> **Recorded data**
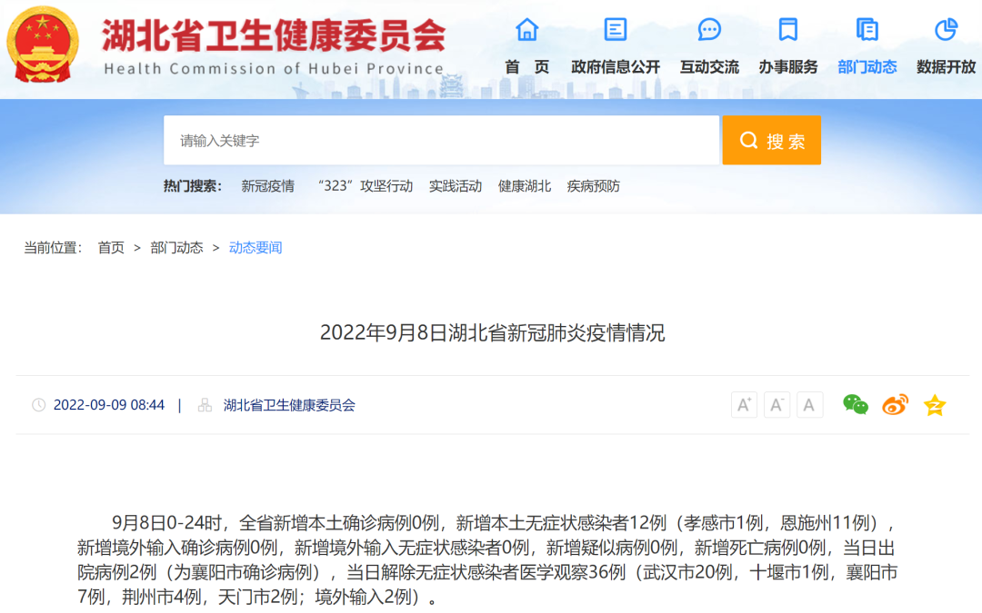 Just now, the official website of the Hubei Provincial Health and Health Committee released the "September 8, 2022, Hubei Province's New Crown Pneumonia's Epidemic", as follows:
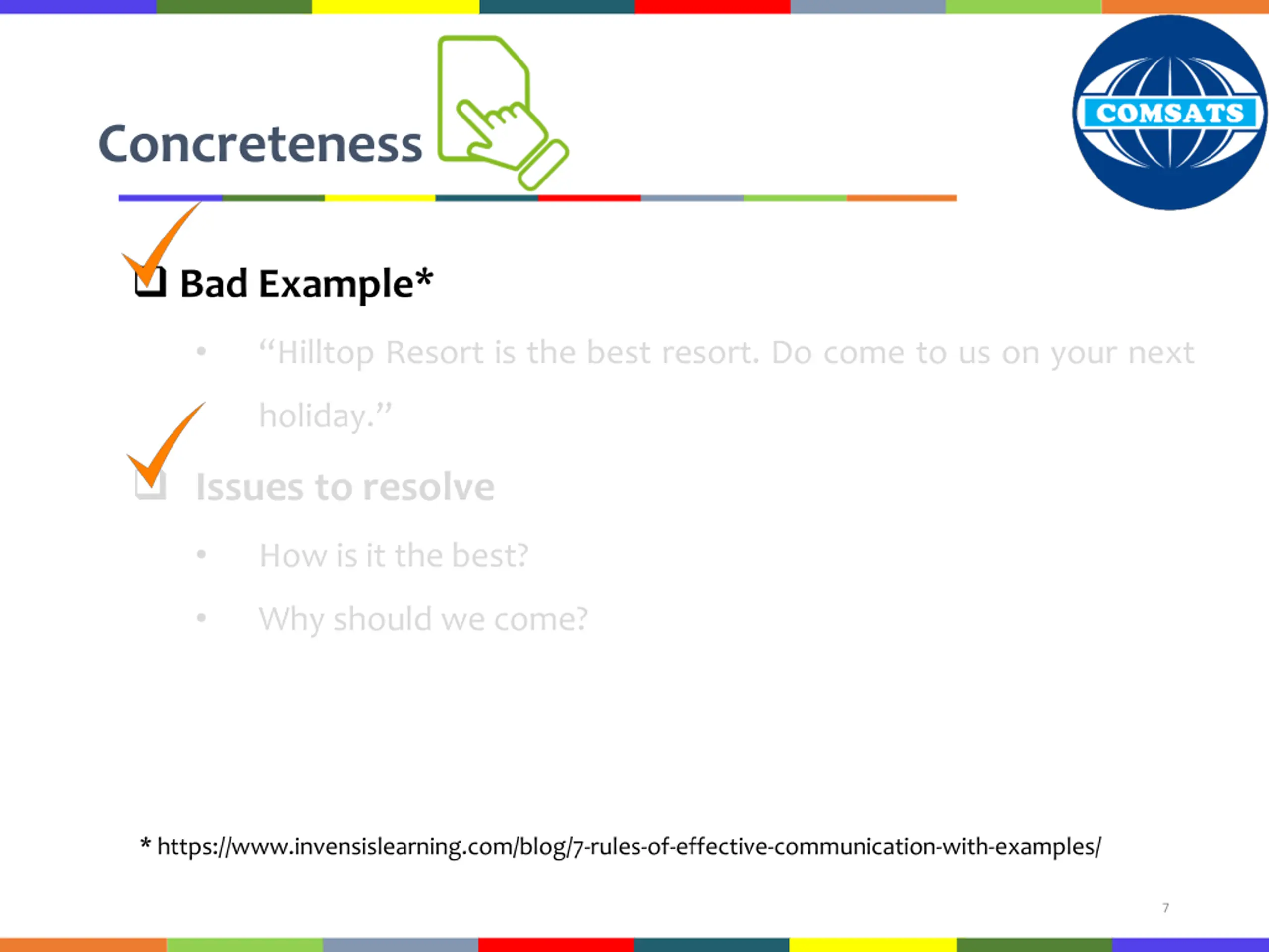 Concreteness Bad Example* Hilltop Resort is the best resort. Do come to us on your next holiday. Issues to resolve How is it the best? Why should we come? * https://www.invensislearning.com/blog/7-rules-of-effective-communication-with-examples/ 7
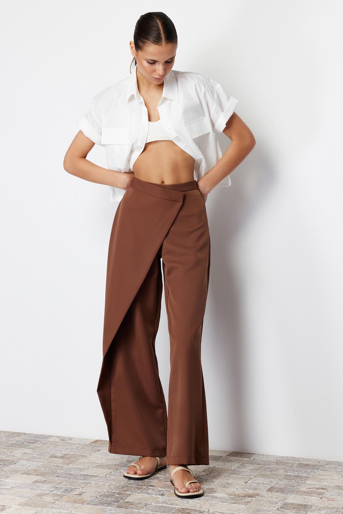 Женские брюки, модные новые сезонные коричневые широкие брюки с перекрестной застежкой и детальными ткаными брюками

> **Problem**
What you return should be all of the material above, exactly, and none of its pictures.

> **Answer to the problem**
 Just now, the official website of the Hubei Provincial Health and Health Committee released the "September 8, 2022, Hubei Province's New Crown Pneumonia's Epidemic", as follows:
 Concreteness Bad Example* Hilltop Resort is the best resort. Do come to us on your next holiday. Issues to resolve How is it the best? Why should we come? * https://www.invensislearning.com/blog/7-rules-of-effective-communication-with-examples/ 7
 Женские брюки, модные новые сезонные коричневые широкие брюки с перекрестной застежкой и детальными ткаными брюками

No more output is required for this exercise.